[X] Plan Experiance
-[X] Linienschiffsleutnant Harel Cseh, medically retired Seebataillone officer.
-[X] Oberleutnant M. Zaslovski, Infantry Officer (Zeměbrana.)
-[X] Major Sandor Ivalko, Infantry officer.
-[X] Herceg Kaila of Kapan, Prince of the Blood, Rittmeister (I. Garde-Fahrende-Artillerie-Regiment) and amateur firearms designer.
-[X] Főhadnagy Ferdinand Kaldhoff, Artillery officer
-[X] SR Tidur, Engineer for the Ordinance Board.
 
I'm thinking maybe a flamethrower, maybe a rifle grenade projector, maybe a regular grenade projector, and if we get lucky maybe a submachine gun or two.
If the infantry were close enough for a SMG or flamethrower to be useful, they'd be close enough to use their existing weapons. It's something to suppress enemy positions enough get them into that close range that's needed.
 
If the infantry were close enough for a SMG or flamethrower to be useful, they'd be close enough to use their existing weapons. It's something to suppress enemy positions enough get them into that close range that's needed.

A flamethrower ranges about a hundred yards, and a SMG is really good at short suppressing bursts and fighting in a trench- something a bayonet fixed rifle wasn't, because they got caught on everything.
 
A flamethrower ranges about a hundred yards, and a SMG is really good at short suppressing bursts and fighting in a trench- something a bayonet fixed rifle wasn't, because they got caught on everything.
What sort of flamethrowers are you thinking of here? Even the Livens Flame Projector could barely reach that.
 
How are you going to get that to work reliably with 1910s tech? We're still at the "handicapped by manufacturing techniques" stage of things. If you're sure we can actually make this work though, I'm all for it.
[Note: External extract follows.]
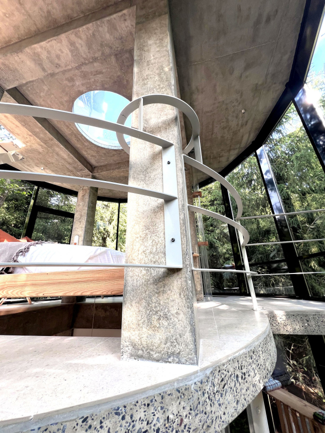 Чтобы добиться большего погружения в окружающую природу, труба дождевого водостока размещена внутри дома вдоль одной из колонн. Выполнена она из литого поликарбоната. Два 300-х сот килограммовых лестничных марша создавались на огромных вальцах, чтобы придать им изогнутую форму пружины. Их сложная конструкция и отделка позволила добиться максимальной прозрачности и невесомости.

Its a sprung cowling on a spin stabilised rocket. As the rocket spins quickly, the centrifugal force holds the cowling over the fuel release ports closed. When a stress gauge inside snaps due to overstress, this springs open a rotational airbrake and the lack of spin lets the spring pull the panels inside the rocket up and away, letting the fuel expand itself rapidly out the ports before being lit by the rocket motor or backup explosive in the nose of he rocket goes boom.

Admittedly, we'd need to make this a 26cm rocket due to manufacturing quality, but that's probably a couple liters of vaporized kerosene. Should make a good boom.
 
Its a sprung cowling on a spin stabilised rocket. As the rocket spins quickly, the centrifugal force holds the cowling over the fuel release ports closed. When a stress gauge inside snaps due to overstress, this springs open a rotational airbrake and the lack of spin lets the spring pull the panels inside the rocket up and away, letting the fuel expand itself rapidly out the ports before being lit by the rocket motor or backup explosive in the nose of he rocket goes boom.

Admittedly, we'd need to make this a 26cm rocket due to manufacturing quality, but that's probably a couple liters of vaporized kerosene. Should make a good boom.
How about just using WP and Napalm? the former should work for obscuring the vision of an enemy MG nest if we miss, and is hopefully easier to work with? I'm assuming it is, because we were actually using it in WWII already.
 
How about just using WP and Napalm? the former should work for obscuring the vision of an enemy MG nest if we miss, and is hopefully easier to work with? I'm assuming it is, because we were actually using it in WWII already.
Alternatively, sharpshooters! All the sharpshooters! Machinegun nests can't shoot if you pop the head of the shooter right off.
 
I think our primary solution to this needs to be something dedicated (I think mortars in particular are simple, practical and appropriate to the tech level, but I'm not well informed enough to be too picky), but I really like the idea of rifle grenades as a component of what we end up with. It would add a lot of versatility and firepower to our infantry for little additional cost and weight.